Where are you from?
Oviedo, Florida
How long have you been practicing photography?
45 years
How long have you been diving?
53 years, PADI Open Water Instructor
Is photography your full-time job?
I'm retired but I work for Bluewater Dive Travel as a photo instructor/trip leader and also for the Aggressor Fleet as a photojournalist.
What’s your favorite camera?
Nikon D850, my current camera in a SEACAM housing
Have you won any awards before?
Ocean Geographic Pictures of the Year Competition 2024, Winner, OG Photo Journalist Award Award of Excellence: Finalist, 2024 Ocean Geographic Pictures of the Year, Portfolio Category: Third Place, 2024 Video Short Category, Ocean Geographic Blue Carbon Photo/Video Competition: First Place, 2018 Sigma Photo Competition, Macro Image Category
How did you get started in underwater photography?

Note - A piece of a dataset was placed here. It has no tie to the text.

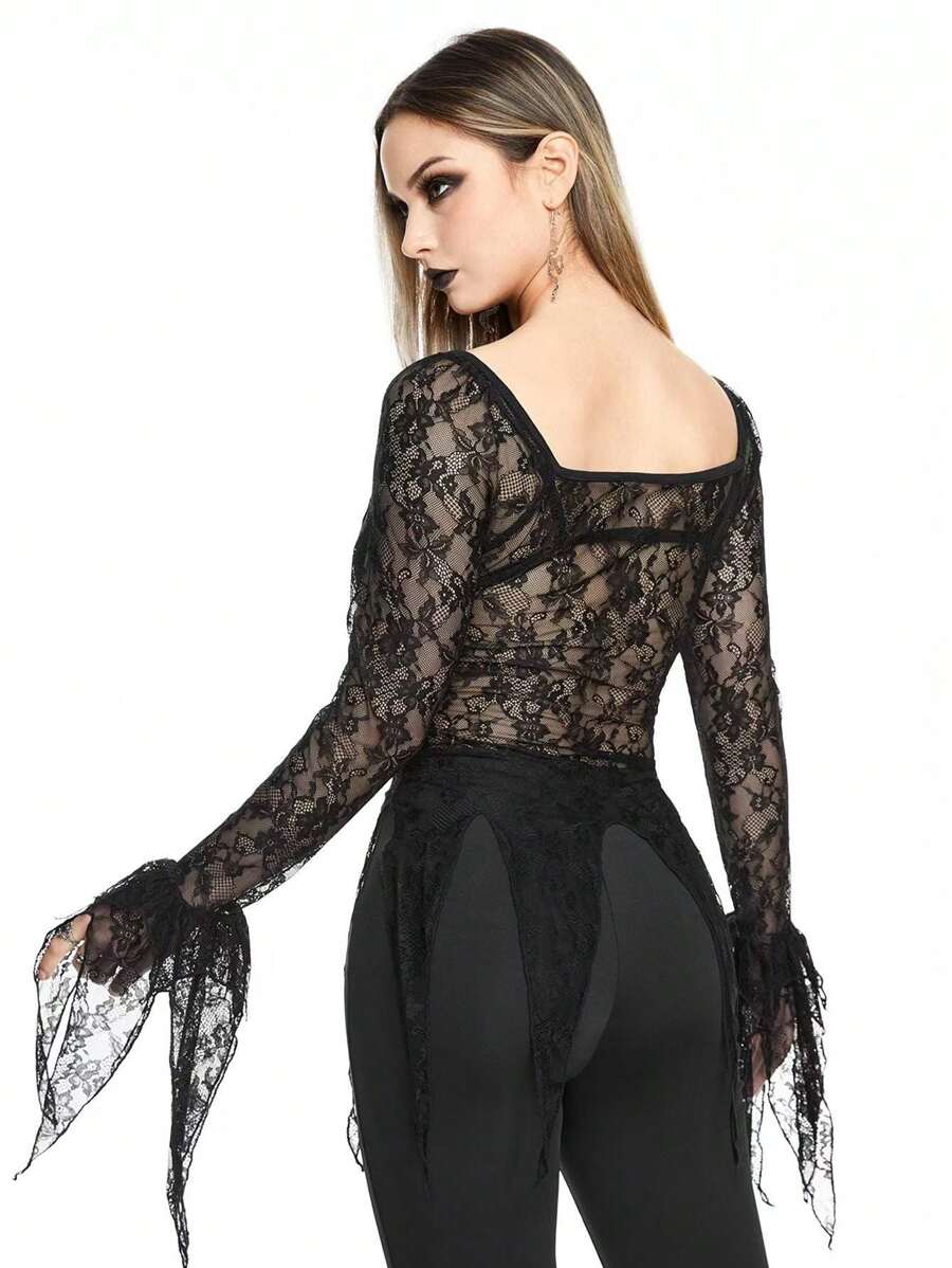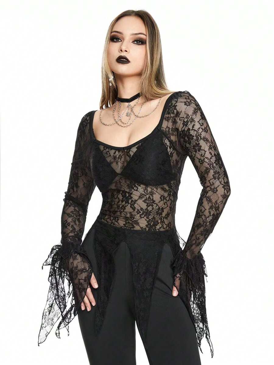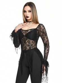Goth Vintage Gothic Sexy Lace See-Through Top For Women

When I was in grade school, there was an article in National Geographic on Alligator Reef in the Florida Keys; even as a kid, the images stunned me and I knew I wanted to eventually shoot underwater photography
Favorite place to shoot underwater?
Anywhere there are subjects to shoot.
Related Reading: How to Care for Your Underwater Camera Housing
What's your most unforgettable moment underwater?
Shooting in 28 degrees Fahrenheit water in Antarctica!
What inspires your photography?
My lifelong passion for the ocean environment
How would you describe your photography style?
I think very selectively about what I want to shoot and how I want to shoot it before hitting the water. I try to achieve a single image as close to perfect in artistic content as I can capture it on each dive versus surfacing with 100 snapshots of 100 different subjects. I think my learning to shoot using film before the advent of digital systems, where I was limited to just 36 shots at best, helped develop my strategy.
What's your #1 bucket-list dive destination?
The Eastern Fields in the Northern Coral Sea between Papua New Guinea and Australia.
What's your advice for underwater shooters entering their first photo contest?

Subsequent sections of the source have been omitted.